Few resources I find helpful – 

  1. FinOps foundation website – includes many resources and community knowledge – https://www.finops.org/introduction/what-is-finops/
  1. FinOps podcast – https://www.finops.org/community/finops-podcast/
  2. Infracost lets engineers see a cost breakdown and understand costs before making changes in the terminal, VS Code, or pull requests. https://www.infracost.io/
  3. Cloud Custodian – “Cloud Custodian is a tool that unifies the dozens of tools and scripts most organizations use for managing their public cloud accounts into one open source tool” – https://cloudcustodian.io/
  4. FinOut – A Holistic Cost Management Solution For Your Cloud. I recently participated in a demo and that looks super interesting. https://www.finout.io/
  5. Startup guide to data cost optimization – my post summarizing AWS’s ebook about data cost optimization for startups – https://tomron.net/2023/06/01/startup-guide-to-data-cost-optimization-summary/
  6. Twitter thread I wrote in Hebrew about the book – https://twitter.com/tomron696/status/1657686198327062529

Startup guide to data cost optimization – summary

I read a lot about FinOps and cloud cost optimization those days and I came across AWS short ebook about data cost optimization

Cost optimization is part of AWS’s well-architected framework. When we think about cost optimization, we usually only consider computing resources, while there are significant optimizations that can go beyond that – storage optimization, network, etc.

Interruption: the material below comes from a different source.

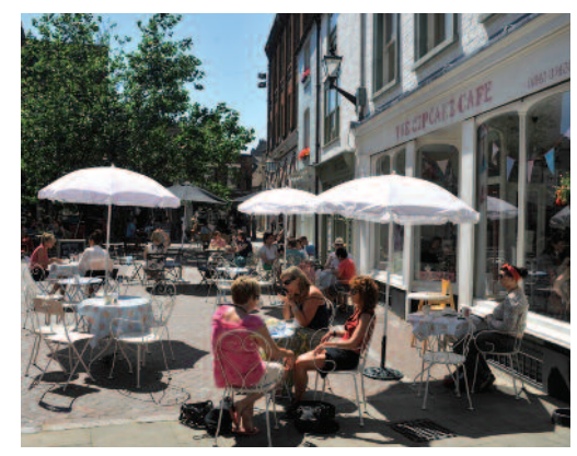
Margate Old Town

Below is a combination of the six sections that appear in the e-books with some comments –

Optimize the cost of information infrastructure – the main point in this section is to use Graviton instances where applicable.

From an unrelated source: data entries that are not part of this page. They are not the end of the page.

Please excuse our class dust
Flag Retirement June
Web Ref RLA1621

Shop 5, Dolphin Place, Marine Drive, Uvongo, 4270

Decouple storage data from compute data – 5 suggestions here which are pretty standard –

  1. Compress data when applicable, and use optimal data structures for your task.
  2. Consider data temperature when choosing data store and storage class – use the suitable s3 storage class and manage it using a life-cycle policy.
  3. Use low-cost compute resources, such as Spot Instances, when applicable – I have some dissonance here since I’m not sure that spot instances are attractive those days (see here), specifically with the overhead of taking care of preempted instances. 
  4. Deploy compute close to data to reduce data transfer costs – trivial.
  5. Use Amazon S3 Select and Amazon S3 Glacier Select to reduce data retrieval – Amazon S3 Select has several limitations (see here), so I’m not sure it is worth the effort and better query via Athena.

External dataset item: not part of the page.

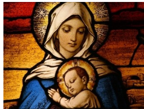
Christmas Eve/Day 2016

The four classes will meet on the 1 st and 3 rd Saturdays of January and February for about 90 minutes. (January 7, January 21, February 4, and February 18). Contact Karl Raynar with any questions.

Plan and provision capacity for predictable workload usage

  1. Choosing the right instance type based on workload pattern and growth  – is common sense. You’ll save a little less if you purchase convertible reserve instances. However, in a fast-changing startup environment, there is a higher chance the commitment won’t be underutilized.
  2. Deploying rightsizing based on average or medium workload usage – this contradicts best practices described in Cloud FinOps book, so I’m a bit hesitant here.
  3. Using automatic scaling capabilities to meet peak demand – is the most relevant advice in this section. Use auto-scaling groups or similar to accommodate for both performance and cost.

Access capacity on demand for unpredictable workloads

  1. Use Amazon Athena for ad hoc SQL workloads – as mentioned above, I prefer Athena over AWS S3 Select.
  2. Use AWS Glue instead of Amazon EMR for infrequent ETL jobs – I don’t have a strong opinion here, but if you have a data strategy in mind, I will try to adjust to it. Additionally, I feel that other AWS can be even easier and cost-effective to work with—for example,  Apache Spark in Amazon Athena, step functions, etc.
  3. Use on-demand resources for transient workloads or short-term development and testing needs – having said that, you should still keep an eye on your production services, ensure they are utilized correctly and rightsize them if needed.

Avoid data duplication with a centralized storage layer

Implement a central storage layer to share data among tenants – I would shorten it to saying, “have a data strategy” – where you are, where you want to go, etc., which is not trivial in early startup days.

Leverage up to $100,000 in AWS Activate credits

This might be a bit contracting to the rest of the document since it feels like free money and delays your concern about cloud costs.